Aardgas beschikbaar, miljoenen Thermen

de exploitatie van de gasreserves in de Noordzee, die de aanvoer van gas in Easington, Bacton en St Fergus met zich meebracht, maakte de aanleg van een nationaal distributienet van meer dan 4800 km, bestaande uit twee parallelle en onderling verbonden pijpleidingen die over de gehele lengte van het land lopen, mogelijk.dit werd het nationale transmissiesysteem. Alle gasinstallaties in Groot-Brittannië (maar niet in Noord-Ierland) werden in de periode van 1967 tot 1977 omgebouwd (door de installatie van branders van verschillende grootte om het juiste gas/luchtmengsel te geven) van het verbranden van stadsgas naar het verbranden van aardgas (voornamelijk methaan) tegen een kostprijs van ongeveer £100 miljoen inclusief de afschrijving van overtollige stadsgasfabrieken. Alle gasverbruikende apparatuur van bijna dertien miljoen huishoudelijke, vierhonderdduizend commerciële en zestigduizend industriële afnemers werd omgebouwd. Veel gevaarlijke apparaten werden ontdekt in deze oefening en werden uit dienst genomen. De Britse stadsgasindustrie stierf in 1987 toen de activiteiten van de laatste stadsgasfabrieken in Noord-Ierland (Belfast, Portadown en Carrickfergus; Carrickfergus gas works is nu een gerestaureerd Museum voor gasfabrieken) werden stopgezet. De site van Portadown is ontruimd en is nu het onderwerp van een langdurig experiment naar het gebruik van bacteriën voor het schoonmaken van verontreinigde industrieterreinen. Aardgas vereist niet alleen weinig verwerking voor gebruik, maar is ook niet giftig; de koolmonoxide (CO) in stadsgas maakte het extreem giftig, toevallige vergiftiging en zelfmoord door gas zijn alledaags. Vergiftiging door aardgas apparaten is alleen te wijten aan onvolledige verbranding, waardoor CO, en rookgassen lekken naar woonruimte. Net als bij stadsgas wordt een kleine hoeveelheid stinkende stof (mercaptan) aan het gas toegevoegd om de gebruiker aan te geven dat er een lek of een onverlichte brander is, waarbij het gas geen eigen geur heeft.

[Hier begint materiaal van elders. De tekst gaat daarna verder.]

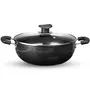Vinod Cookware Hard Anodised Induction Friendly Kadai With Glass Lid Black 4.1 Litres
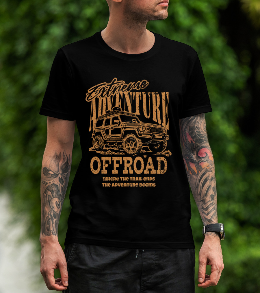 The Extreme Adventure Offroad Where the Trail Ends the Adventure Begins T-shirt is designed for everyday wear and a consistent fit. Fabric is pre-shrunk ring-spun cotton with durable stitching. See the size chart below for exact measurements.
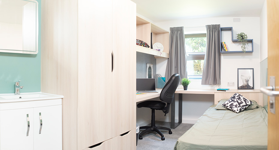 There are 70 single standard rooms arranged in flats of five bedrooms with a shared kitchen/diner, lounge, enclosed shower cubicle and separate toilet. A sink is provided in each bedroom.
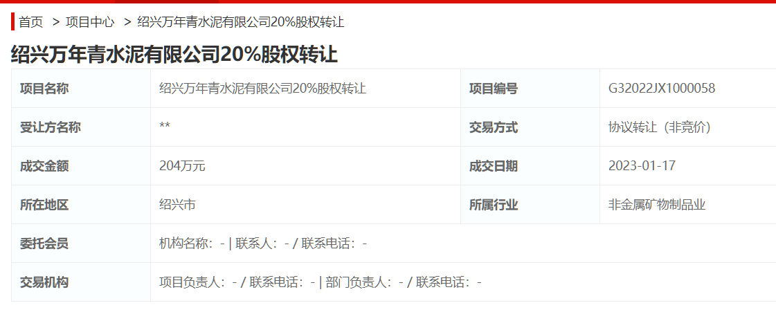 水泥人網注意到紹興萬年青水泥有限公司20%股權轉讓項目是以協(xié)議轉讓(非競價)方式成交,成交金額204萬。
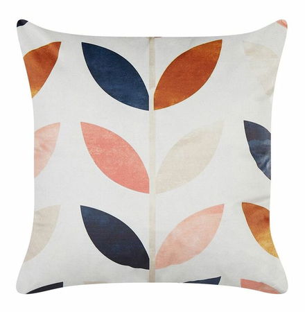 Tento vankúš skrášli akýkoľvek interiér zariadený v boho štýle. Je vyrobený zo zamatu, takže je veľmi kvalitný, odolný a jemný. Vďaka praktickému zipsu možno poťah jednoducho odstrániť a vyčistiť. Obe strany vankúša majú zaujímavý farebný vzor listov, ktorý kontrastuje so svetlým pozadím vankúša.
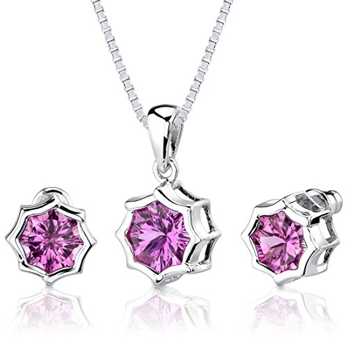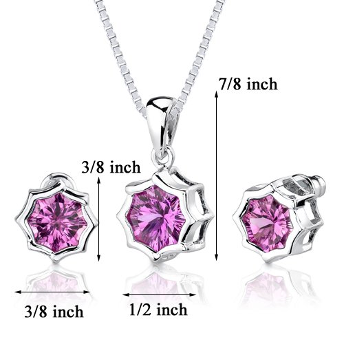 -. Feature : Created Pink Sapphire, Gorgeous Pink Hue with Brilliant Sparkle / Pendant and Earrings are in .925 Sterling Silver and finished with Rhodium / Top Quality Craftsmanship / Exceptional Styling / 30 Day Return Policy
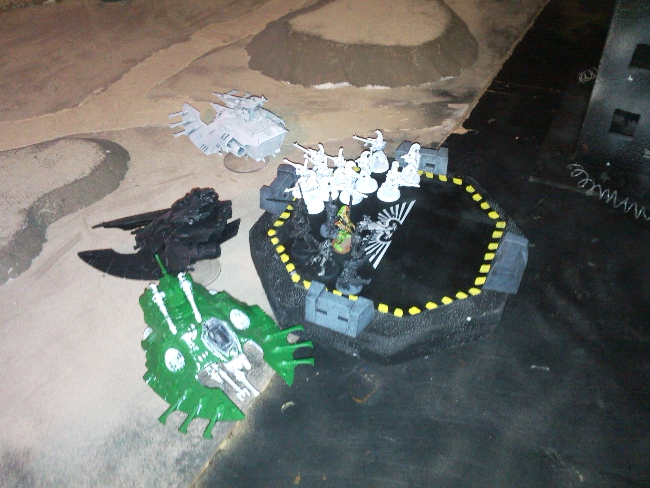 Eldar: The Eldar player drops off all of his Dire Avengers and Striking Scorpions onto the landing pad. The vehicles shoot at some of the units surrounding them and killed one space marine with a Bright Lance and shot at the Tau and missed.

de organisatie van de Britse gasindustrie paste zich aan deze veranderingen aan, in de eerste plaats door de Gas Act 1965 door de Gas Council de bevoegdheid te geven om gas te verwerven en te leveren aan de twaalf area boards. Vervolgens vormde de Gas Act 1972 de British Gas Corporation als een enkele commerciële entiteit, die alle twaalf area gas boards omvatte, waardoor ze gas en gastoestellen konden verwerven, distribueren en op de markt brengen aan industriële commerciële en huishoudelijke klanten in het hele Verenigd Koninkrijk. In 1986 werd British Gas geprivatiseerd en in stukken gesneden en de regering heeft er geen directe controle meer over.

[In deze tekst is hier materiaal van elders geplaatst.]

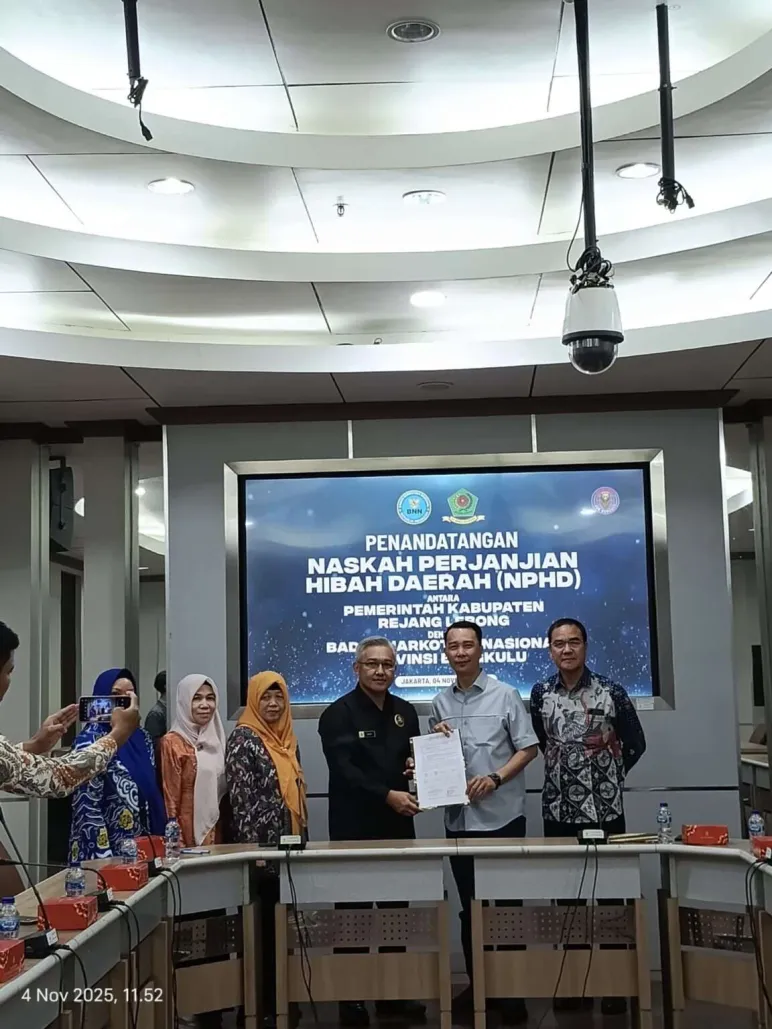 Jakarta, Mediasinardunia.com - Kabupaten Rejang Lebong dalam waktu dekat akan memiliki Kantor Badan Narkotika Nasional Kabupaten (BNNK). Hal ini ditandai dengan penandatanganan Naskah Perjanjian Hibah Daerah (NPHD) antara Pemerintah Kabupaten Rejang Lebong dan Badan Narkotika Nasional Provinsi (BNNP) Bengkulu, pada Selasa (4 November 2025) di Gedung Lemhannas, Jakarta.

tijdens het tijdperk van Noordzeegas werden veel van de oorspronkelijke gietijzeren gaspijpen die in steden voor stadsgas werden geïnstalleerd, vervangen door plastic.

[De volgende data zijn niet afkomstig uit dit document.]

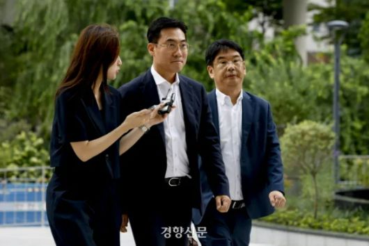 ‘김건희 집사 게이트’ 의혹에 연루된 의혹이 제기된 조영탁 IMS모빌리티 대표(가운데)가 지난 8월20일 서울 종로구 KT광화문빌딩에 마련된 김건희 특검 사무실로 출석하고 있다. 문재원 기자 |
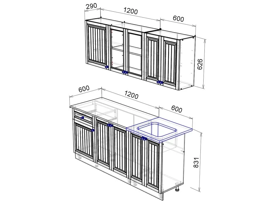 Мойка накладная (600 мм) и сушка приобретаются отдельно.

zoals vermeld in de DTI Energy Review “Our Energy Challenge” van januari 2006, zijn de gasvoorraden in de Noordzee sneller uitgeput dan verwacht en wordt de gasvoorziening voor het Verenigd Koninkrijk vanuit afgelegen bronnen gezocht, een strategie die mogelijk is gemaakt door ontwikkelingen in de technologieën voor pijpleiding die de transmissie van gas over land en onder zee over en tussen continenten mogelijk maken. Aardgas is nu een wereldproduct. Dergelijke leveranciers zijn blootgesteld aan alle risico ‘ s van invoer. Er zijn nog steeds aanzienlijke steenkoolreserves in het Verenigd Koninkrijk en dit feit doet de gedachte ontstaan dat op enig moment in de toekomst steenkoolgas opnieuw als een betrouwbare binnenlandse energiebron kan worden gebruikt.In popular cultureEdit

parodieerde Monty Python de conversie van kolen naar Noordzeegas, en het springen door hoepels die sommigen tegenkwamen in hun “New Cooker Sketch”, als onderdeel van de aflevering die zijn tweede serie begon in 1970.In de 19de eeuw werd het gebruikt voor het aandrijven van verschillende historische ballonvaarten. Zie de luchtvaart (film).

Geef een antwoord

Het e-mailadres wordt niet gepubliceerd.